__EXERCISE INSTRUCTIONS__
One figure is wanted here: how many lines in the entries hold the word "Berlín".

__SOURCE DATA__
┏━━

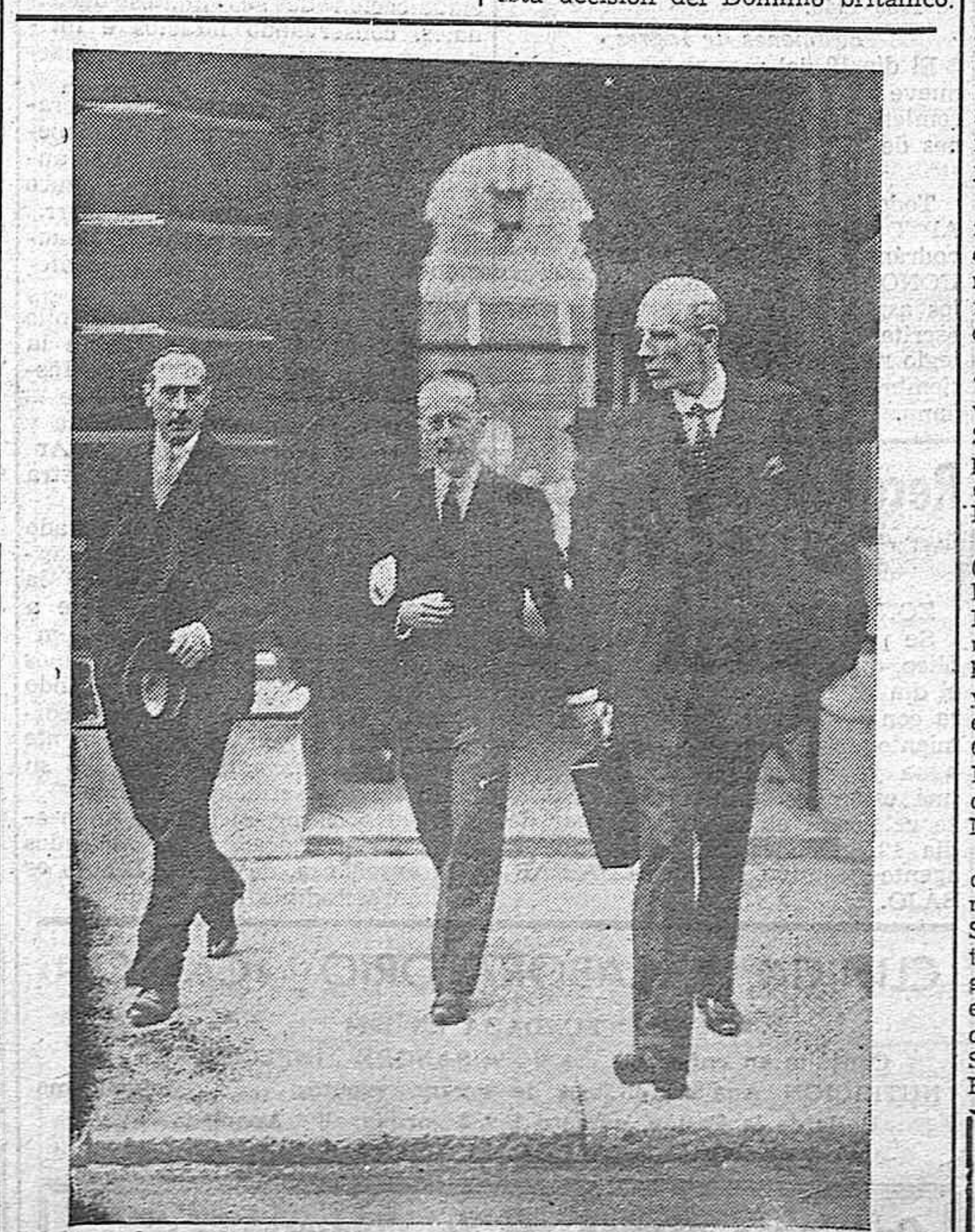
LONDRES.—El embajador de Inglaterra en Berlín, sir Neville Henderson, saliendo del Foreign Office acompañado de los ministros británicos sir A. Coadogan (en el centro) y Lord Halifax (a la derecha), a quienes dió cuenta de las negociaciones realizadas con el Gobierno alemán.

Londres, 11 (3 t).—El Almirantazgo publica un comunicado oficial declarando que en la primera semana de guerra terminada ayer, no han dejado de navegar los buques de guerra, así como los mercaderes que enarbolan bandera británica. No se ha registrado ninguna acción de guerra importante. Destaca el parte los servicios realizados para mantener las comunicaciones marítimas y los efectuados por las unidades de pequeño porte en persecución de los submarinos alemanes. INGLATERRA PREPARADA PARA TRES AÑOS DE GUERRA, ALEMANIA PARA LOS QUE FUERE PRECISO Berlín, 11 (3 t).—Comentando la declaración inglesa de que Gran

┗━━
┏━━

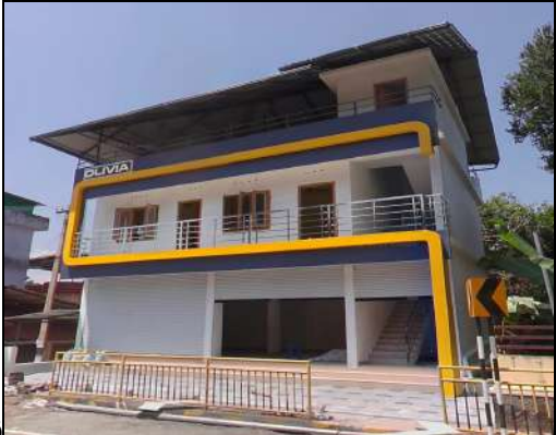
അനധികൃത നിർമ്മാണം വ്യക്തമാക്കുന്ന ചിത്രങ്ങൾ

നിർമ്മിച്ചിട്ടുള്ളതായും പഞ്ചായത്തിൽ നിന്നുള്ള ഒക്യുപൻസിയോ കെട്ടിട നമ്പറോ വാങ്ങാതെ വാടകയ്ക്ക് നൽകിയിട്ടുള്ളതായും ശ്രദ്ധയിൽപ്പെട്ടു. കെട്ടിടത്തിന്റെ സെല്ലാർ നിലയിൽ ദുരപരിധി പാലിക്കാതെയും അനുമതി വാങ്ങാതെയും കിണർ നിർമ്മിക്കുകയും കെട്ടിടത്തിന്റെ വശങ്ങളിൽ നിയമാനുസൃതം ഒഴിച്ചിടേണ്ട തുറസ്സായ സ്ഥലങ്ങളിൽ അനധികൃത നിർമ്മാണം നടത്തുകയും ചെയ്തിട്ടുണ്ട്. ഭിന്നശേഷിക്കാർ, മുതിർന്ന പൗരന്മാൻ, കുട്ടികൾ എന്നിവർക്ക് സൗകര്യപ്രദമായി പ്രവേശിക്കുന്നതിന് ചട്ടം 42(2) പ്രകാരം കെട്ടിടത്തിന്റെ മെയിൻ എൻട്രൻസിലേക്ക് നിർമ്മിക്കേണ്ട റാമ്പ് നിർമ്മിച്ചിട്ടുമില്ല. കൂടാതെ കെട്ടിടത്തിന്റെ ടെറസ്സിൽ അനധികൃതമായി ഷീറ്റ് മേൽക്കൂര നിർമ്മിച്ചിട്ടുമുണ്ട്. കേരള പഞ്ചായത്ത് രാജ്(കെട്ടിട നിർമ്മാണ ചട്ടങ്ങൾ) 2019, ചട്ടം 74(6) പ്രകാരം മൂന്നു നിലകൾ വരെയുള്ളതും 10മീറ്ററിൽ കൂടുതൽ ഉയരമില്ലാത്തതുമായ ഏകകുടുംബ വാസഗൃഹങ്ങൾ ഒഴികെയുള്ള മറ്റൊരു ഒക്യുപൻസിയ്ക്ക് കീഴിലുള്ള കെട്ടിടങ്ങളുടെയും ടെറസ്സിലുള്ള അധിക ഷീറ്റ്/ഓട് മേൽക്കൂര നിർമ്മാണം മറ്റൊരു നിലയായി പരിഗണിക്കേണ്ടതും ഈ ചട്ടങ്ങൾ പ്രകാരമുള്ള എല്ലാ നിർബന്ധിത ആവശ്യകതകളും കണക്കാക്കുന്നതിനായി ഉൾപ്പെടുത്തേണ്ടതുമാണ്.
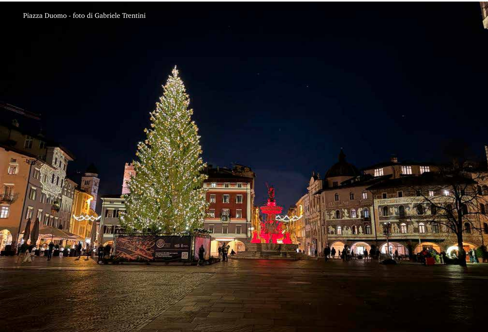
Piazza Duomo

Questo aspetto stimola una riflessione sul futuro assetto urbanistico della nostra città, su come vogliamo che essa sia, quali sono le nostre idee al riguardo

┗━━

__COMPLETED EXERCISE__
2